TASK: A word-for-word copy of the entries is the goal; leave out the pictures.

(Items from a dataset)
- - - -

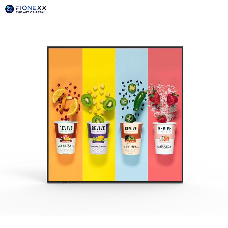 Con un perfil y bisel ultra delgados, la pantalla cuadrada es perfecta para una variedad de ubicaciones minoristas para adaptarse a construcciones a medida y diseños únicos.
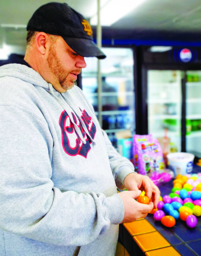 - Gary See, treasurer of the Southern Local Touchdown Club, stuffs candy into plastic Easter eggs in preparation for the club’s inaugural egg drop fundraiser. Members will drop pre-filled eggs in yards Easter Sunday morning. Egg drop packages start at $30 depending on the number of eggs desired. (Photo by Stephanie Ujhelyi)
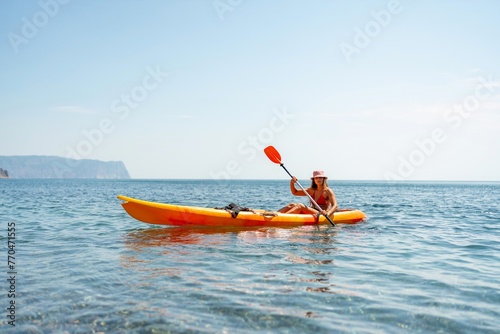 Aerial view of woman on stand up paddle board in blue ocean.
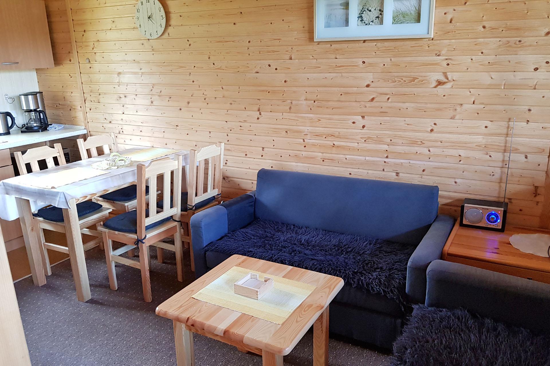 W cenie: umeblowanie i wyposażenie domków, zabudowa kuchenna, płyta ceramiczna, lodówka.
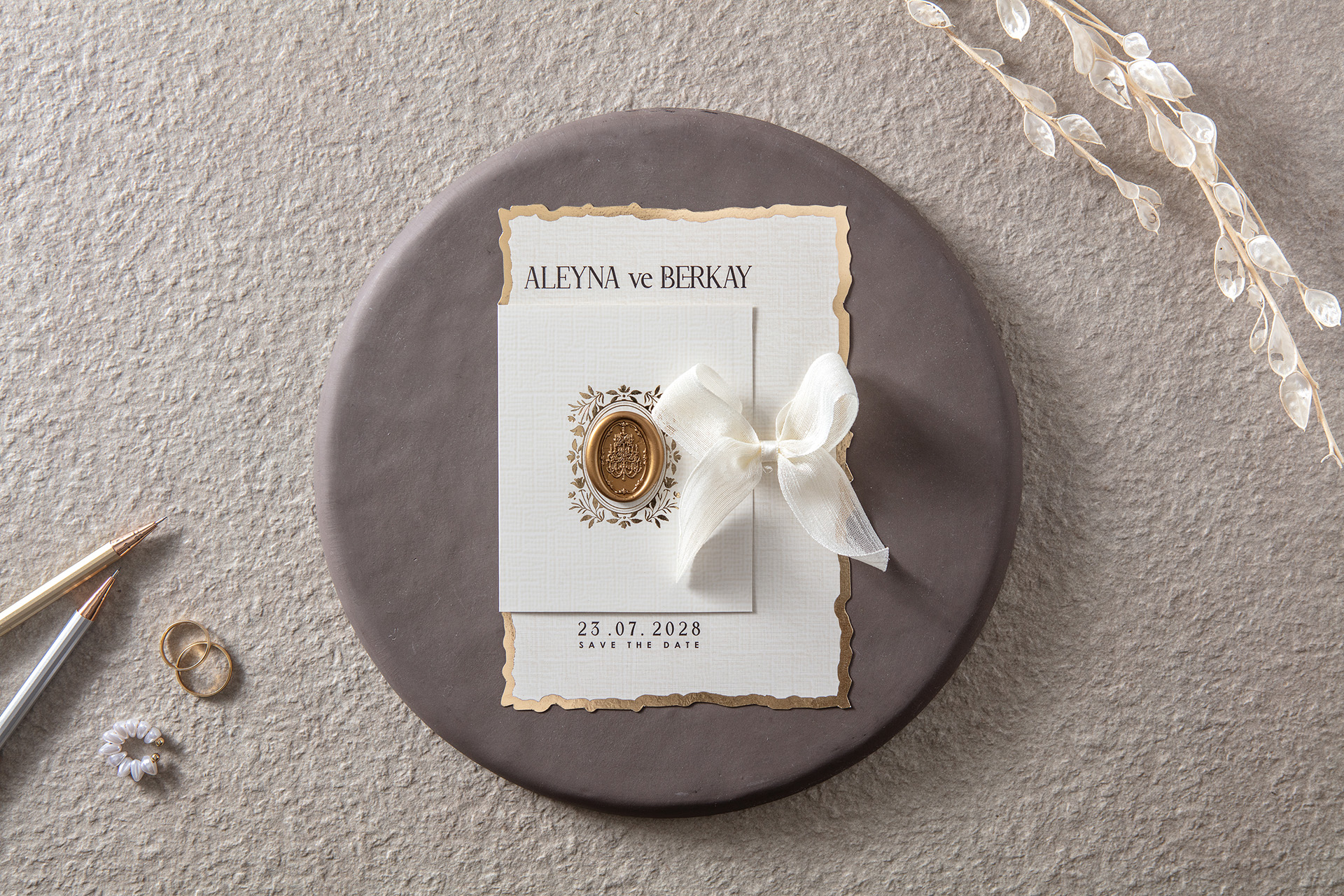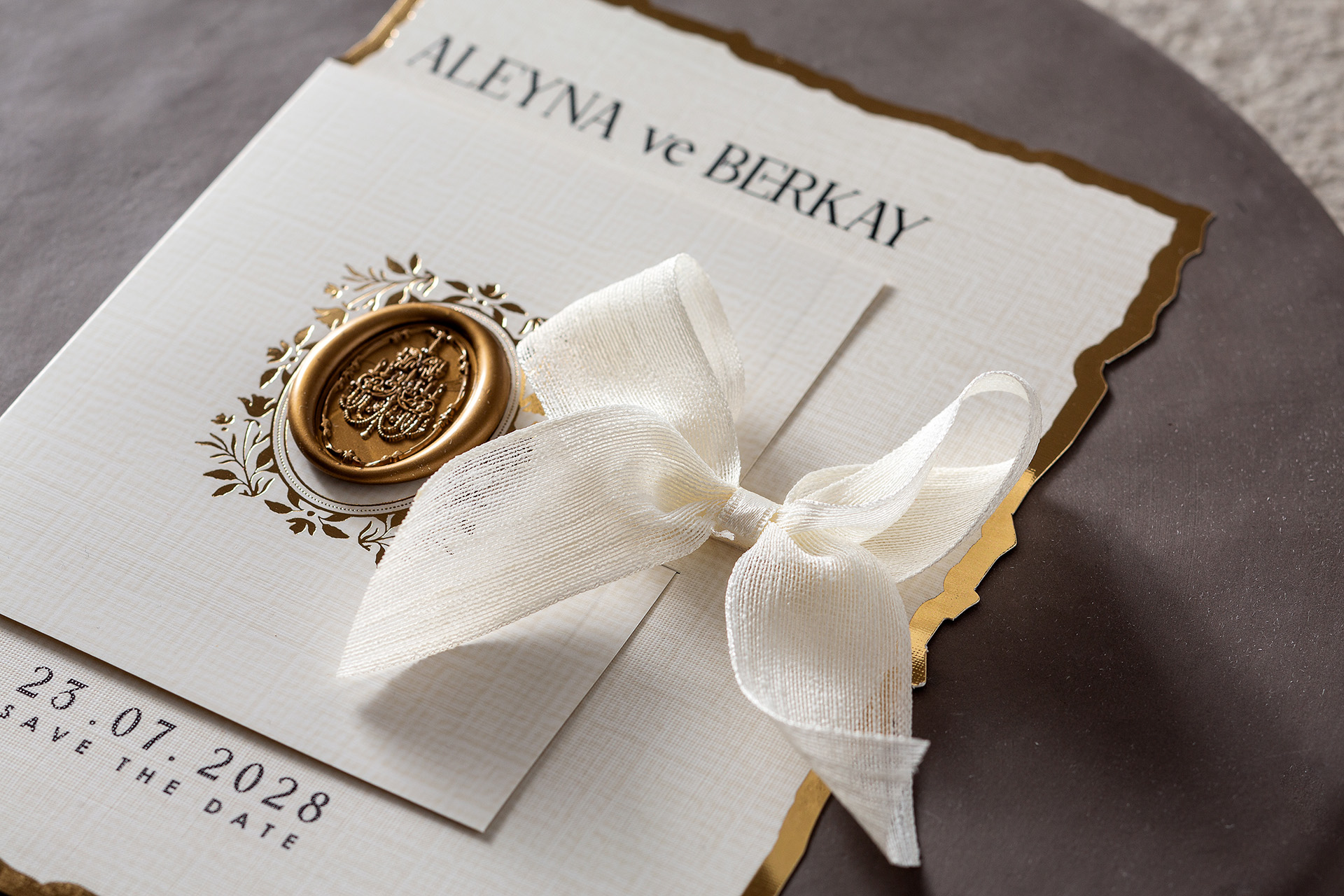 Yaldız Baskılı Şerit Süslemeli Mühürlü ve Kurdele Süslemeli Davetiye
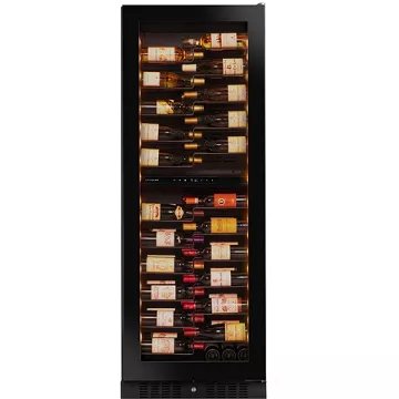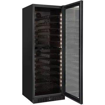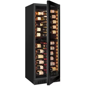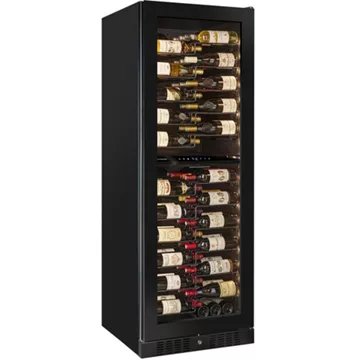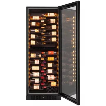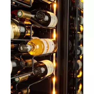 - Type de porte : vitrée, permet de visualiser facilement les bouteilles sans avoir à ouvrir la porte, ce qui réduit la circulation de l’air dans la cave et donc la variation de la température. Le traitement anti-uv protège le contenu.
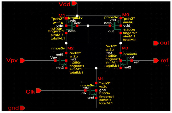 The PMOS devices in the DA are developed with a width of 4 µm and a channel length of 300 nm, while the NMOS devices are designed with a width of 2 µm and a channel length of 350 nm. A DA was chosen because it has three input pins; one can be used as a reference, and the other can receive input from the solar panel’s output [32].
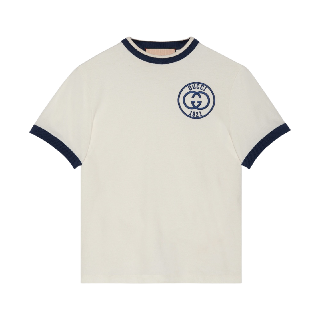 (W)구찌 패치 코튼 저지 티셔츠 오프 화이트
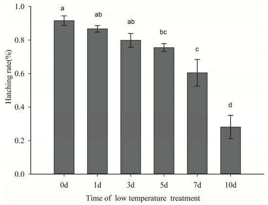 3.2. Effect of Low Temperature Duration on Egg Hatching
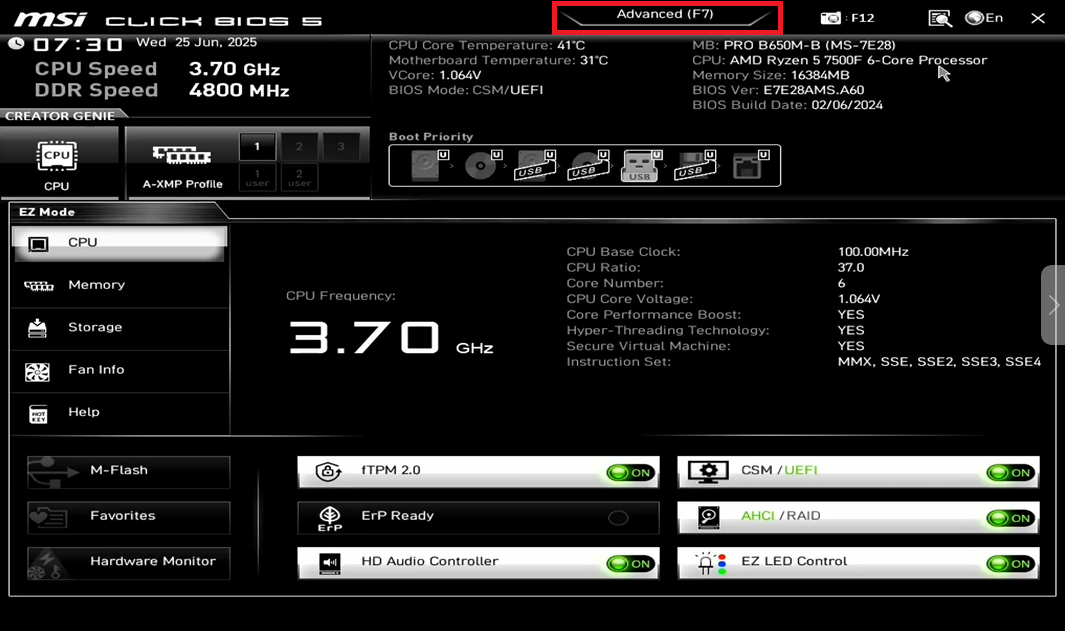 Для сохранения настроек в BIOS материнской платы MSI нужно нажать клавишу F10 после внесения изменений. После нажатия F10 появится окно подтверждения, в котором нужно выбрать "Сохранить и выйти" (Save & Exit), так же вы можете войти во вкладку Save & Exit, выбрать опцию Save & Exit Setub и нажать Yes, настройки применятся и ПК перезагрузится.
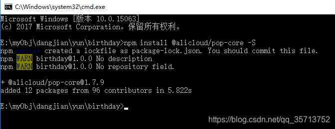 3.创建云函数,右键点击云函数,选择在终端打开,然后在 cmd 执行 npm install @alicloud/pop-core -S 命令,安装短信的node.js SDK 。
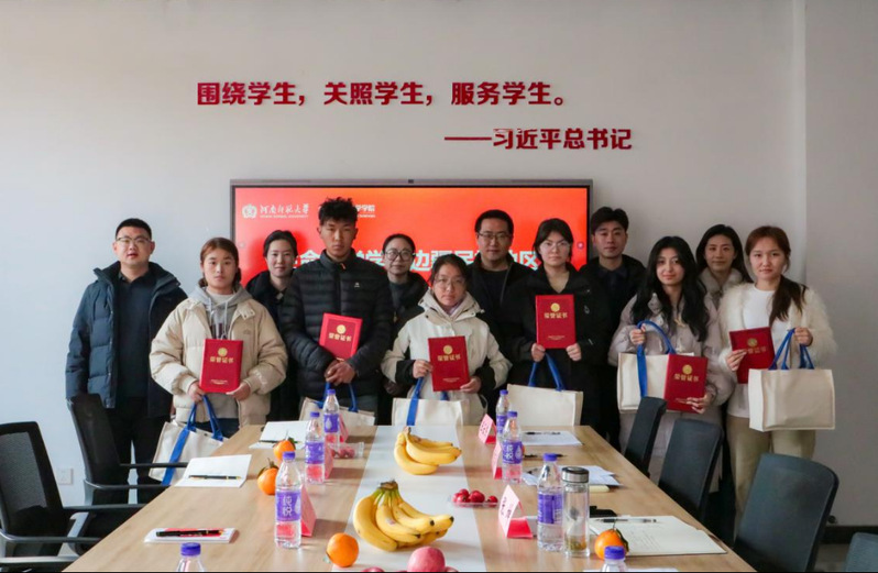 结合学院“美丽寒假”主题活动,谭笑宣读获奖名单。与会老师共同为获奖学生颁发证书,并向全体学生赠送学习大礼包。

- - - -

EXERCISE ANSWER:
 Con un perfil y bisel ultra delgados, la pantalla cuadrada es perfecta para una variedad de ubicaciones minoristas para adaptarse a construcciones a medida y diseños únicos.
 - Gary See, treasurer of the Southern Local Touchdown Club, stuffs candy into plastic Easter eggs in preparation for the club’s inaugural egg drop fundraiser. Members will drop pre-filled eggs in yards Easter Sunday morning. Egg drop packages start at $30 depending on the number of eggs desired. (Photo by Stephanie Ujhelyi)
 Aerial view of woman on stand up paddle board in blue ocean.
 W cenie: umeblowanie i wyposażenie domków, zabudowa kuchenna, płyta ceramiczna, lodówka.
 Yaldız Baskılı Şerit Süslemeli Mühürlü ve Kurdele Süslemeli Davetiye
 - Type de porte : vitrée, permet de visualiser facilement les bouteilles sans avoir à ouvrir la porte, ce qui réduit la circulation de l’air dans la cave et donc la variation de la température. Le traitement anti-uv protège le contenu.
 The PMOS devices in the DA are developed with a width of 4 µm and a channel length of 300 nm, while the NMOS devices are designed with a width of 2 µm and a channel length of 350 nm. A DA was chosen because it has three input pins; one can be used as a reference, and the other can receive input from the solar panel’s output [32].
 (W)구찌 패치 코튼 저지 티셔츠 오프 화이트
 3.2. Effect of Low Temperature Duration on Egg Hatching
 Для сохранения настроек в BIOS материнской платы MSI нужно нажать клавишу F10 после внесения изменений. После нажатия F10 появится окно подтверждения, в котором нужно выбрать "Сохранить и выйти" (Save & Exit), так же вы можете войти во вкладку Save & Exit, выбрать опцию Save & Exit Setub и нажать Yes, настройки применятся и ПК перезагрузится.
 3.创建云函数,右键点击云函数,选择在终端打开,然后在 cmd 执行 npm install @alicloud/pop-core -S 命令,安装短信的node.js SDK 。
 结合学院“美丽寒假”主题活动,谭笑宣读获奖名单。与会老师共同为获奖学生颁发证书,并向全体学生赠送学习大礼包。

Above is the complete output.